Thus, the invention also enables efficient exchange of seawater behind the breakwater for supplying sufficient dissolved oxygen in the seawater for the lives.

The breakwater generating structure of the present invention is constructed compactly by providing a vertical wall at the offshore side of the reef, forming the openings at the bottom end of the vertical wall, and further providing slits protruding inside the reef on a top of the structure.

The slanted slits are constructed by slit plates and the slit plates are inclined toward the direction along which the waves propagate, thereby capturing the breaking waves in the reef.

Breaking waves rushing into the reef of a breakwater generating structure of a two-stage reef structure comprising a reef constructed on a mound are guided to the coast side. By providing the through paths at the coastal side of the reef which forms the upper reef, the sea water containing air brought by the breaking waves is sent to the water area at the coastal side to solve the lean oxygen state caused by stagnation of the seawater in the bottom layer behind the breakwater.

Wave amplitude is amplified by a slope of the sea bottom or the lower reef such as a mount as approaching the breakwater generating structure, and then greater breaking waves than usual are generated by the sudden decrease of the water depth at the vertical wall portion of the reef. Furthermore, because these breaking waves rushing into the slit decrease a conveyance rate of waves toward the coast, a calm sea area is created at the coastal side thereof.

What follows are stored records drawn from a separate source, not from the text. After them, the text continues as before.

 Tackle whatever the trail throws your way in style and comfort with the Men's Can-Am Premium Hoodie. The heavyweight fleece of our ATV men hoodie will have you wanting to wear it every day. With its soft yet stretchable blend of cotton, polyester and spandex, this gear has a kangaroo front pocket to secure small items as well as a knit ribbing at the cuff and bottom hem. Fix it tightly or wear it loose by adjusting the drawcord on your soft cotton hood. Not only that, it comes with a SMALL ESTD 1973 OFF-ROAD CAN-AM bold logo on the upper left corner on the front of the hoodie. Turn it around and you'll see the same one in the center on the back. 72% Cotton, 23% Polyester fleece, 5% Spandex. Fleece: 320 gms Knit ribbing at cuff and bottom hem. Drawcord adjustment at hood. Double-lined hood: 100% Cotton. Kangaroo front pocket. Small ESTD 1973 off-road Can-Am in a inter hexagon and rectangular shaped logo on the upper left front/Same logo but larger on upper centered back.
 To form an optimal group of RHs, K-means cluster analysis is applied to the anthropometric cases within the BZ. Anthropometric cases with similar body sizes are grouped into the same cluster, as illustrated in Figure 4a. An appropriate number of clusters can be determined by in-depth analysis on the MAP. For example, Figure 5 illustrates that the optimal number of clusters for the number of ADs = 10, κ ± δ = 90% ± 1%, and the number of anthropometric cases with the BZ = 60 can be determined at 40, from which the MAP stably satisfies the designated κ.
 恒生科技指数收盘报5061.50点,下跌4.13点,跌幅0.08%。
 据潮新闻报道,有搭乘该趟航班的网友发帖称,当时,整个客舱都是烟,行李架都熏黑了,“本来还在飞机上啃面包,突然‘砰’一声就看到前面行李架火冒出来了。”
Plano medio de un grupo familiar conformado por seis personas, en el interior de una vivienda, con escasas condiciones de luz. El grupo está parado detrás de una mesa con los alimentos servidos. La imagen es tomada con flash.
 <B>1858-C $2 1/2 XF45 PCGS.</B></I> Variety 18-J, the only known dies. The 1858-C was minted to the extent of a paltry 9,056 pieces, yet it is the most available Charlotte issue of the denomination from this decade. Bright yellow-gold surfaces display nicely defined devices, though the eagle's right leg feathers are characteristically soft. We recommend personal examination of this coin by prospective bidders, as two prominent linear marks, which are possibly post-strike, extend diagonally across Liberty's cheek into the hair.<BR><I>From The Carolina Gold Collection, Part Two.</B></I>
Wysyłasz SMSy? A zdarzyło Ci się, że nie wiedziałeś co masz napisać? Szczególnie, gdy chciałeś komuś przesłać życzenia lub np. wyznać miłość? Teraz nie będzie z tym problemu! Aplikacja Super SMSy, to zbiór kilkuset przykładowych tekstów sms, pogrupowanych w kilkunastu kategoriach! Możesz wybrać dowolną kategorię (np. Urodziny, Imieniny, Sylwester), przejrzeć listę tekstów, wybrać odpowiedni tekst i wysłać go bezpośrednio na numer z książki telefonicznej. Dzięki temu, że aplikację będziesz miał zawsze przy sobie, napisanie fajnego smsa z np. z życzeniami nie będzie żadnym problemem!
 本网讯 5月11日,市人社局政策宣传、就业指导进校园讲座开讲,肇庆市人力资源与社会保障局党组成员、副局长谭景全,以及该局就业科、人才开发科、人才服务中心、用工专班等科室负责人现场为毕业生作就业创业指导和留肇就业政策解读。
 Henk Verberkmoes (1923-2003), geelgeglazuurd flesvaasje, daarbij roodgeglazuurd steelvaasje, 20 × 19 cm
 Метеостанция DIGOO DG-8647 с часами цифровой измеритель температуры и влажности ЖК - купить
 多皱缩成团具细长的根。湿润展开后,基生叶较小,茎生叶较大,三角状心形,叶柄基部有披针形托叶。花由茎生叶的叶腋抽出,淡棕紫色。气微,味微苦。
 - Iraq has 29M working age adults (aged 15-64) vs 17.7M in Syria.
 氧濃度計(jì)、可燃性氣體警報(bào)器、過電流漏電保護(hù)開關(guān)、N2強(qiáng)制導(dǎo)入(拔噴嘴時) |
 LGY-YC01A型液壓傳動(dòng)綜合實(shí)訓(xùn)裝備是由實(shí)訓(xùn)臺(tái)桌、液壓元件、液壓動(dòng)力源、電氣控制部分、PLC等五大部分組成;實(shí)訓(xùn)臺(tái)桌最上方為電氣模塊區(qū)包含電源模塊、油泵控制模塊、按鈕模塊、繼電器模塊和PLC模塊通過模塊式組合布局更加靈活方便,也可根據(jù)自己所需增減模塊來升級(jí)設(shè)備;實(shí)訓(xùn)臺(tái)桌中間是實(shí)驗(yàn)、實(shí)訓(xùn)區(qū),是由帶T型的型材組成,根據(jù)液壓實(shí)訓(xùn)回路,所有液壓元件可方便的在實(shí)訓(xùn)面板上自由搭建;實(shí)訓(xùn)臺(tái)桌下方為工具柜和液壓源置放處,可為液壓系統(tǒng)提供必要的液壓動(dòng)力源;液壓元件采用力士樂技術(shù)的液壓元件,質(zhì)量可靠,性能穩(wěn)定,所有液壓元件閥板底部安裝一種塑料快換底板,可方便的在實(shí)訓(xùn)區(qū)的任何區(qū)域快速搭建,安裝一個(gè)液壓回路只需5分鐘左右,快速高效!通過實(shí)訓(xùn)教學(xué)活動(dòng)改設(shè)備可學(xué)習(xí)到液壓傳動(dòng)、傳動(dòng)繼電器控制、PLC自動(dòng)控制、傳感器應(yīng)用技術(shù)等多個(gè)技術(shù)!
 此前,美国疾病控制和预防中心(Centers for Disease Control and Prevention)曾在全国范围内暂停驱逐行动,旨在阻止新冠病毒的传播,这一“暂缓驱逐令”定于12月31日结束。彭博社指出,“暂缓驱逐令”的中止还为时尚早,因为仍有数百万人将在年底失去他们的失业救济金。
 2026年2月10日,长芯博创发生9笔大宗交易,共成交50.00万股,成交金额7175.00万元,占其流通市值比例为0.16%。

The breaking waves rushing into the reef create a return water flow toward the offshore side through the opening of the vertical wall and sand brought into the reef is discharged by and together with the return water flow so as to prevent accumulation of the sand in the reef. Furthermore, the return water flow helps to generate breaking waves at the vertical wall portion while shifting the point of the breaking wave. The breaking waves can easily rush into the slits so that a wave energy may be lowered and a breakwater generating effect may be enhanced.

In addition, by providing a close portion defined by the upper portion continuous to the vertical wall together with the vertical wall, generation of breaking waves may be promoted by the return water flow on an upper surface of the closed portion toward the offshore side, at the same time, the breaking wave point is shifted so that the breaking waves may accurately rush into the slits.

The embodiment, in which the reef with the opening and the slit is placed on a mound, a lower reef, shown in FIG. 1 to form a breakwater generating structure 1, is described herein below.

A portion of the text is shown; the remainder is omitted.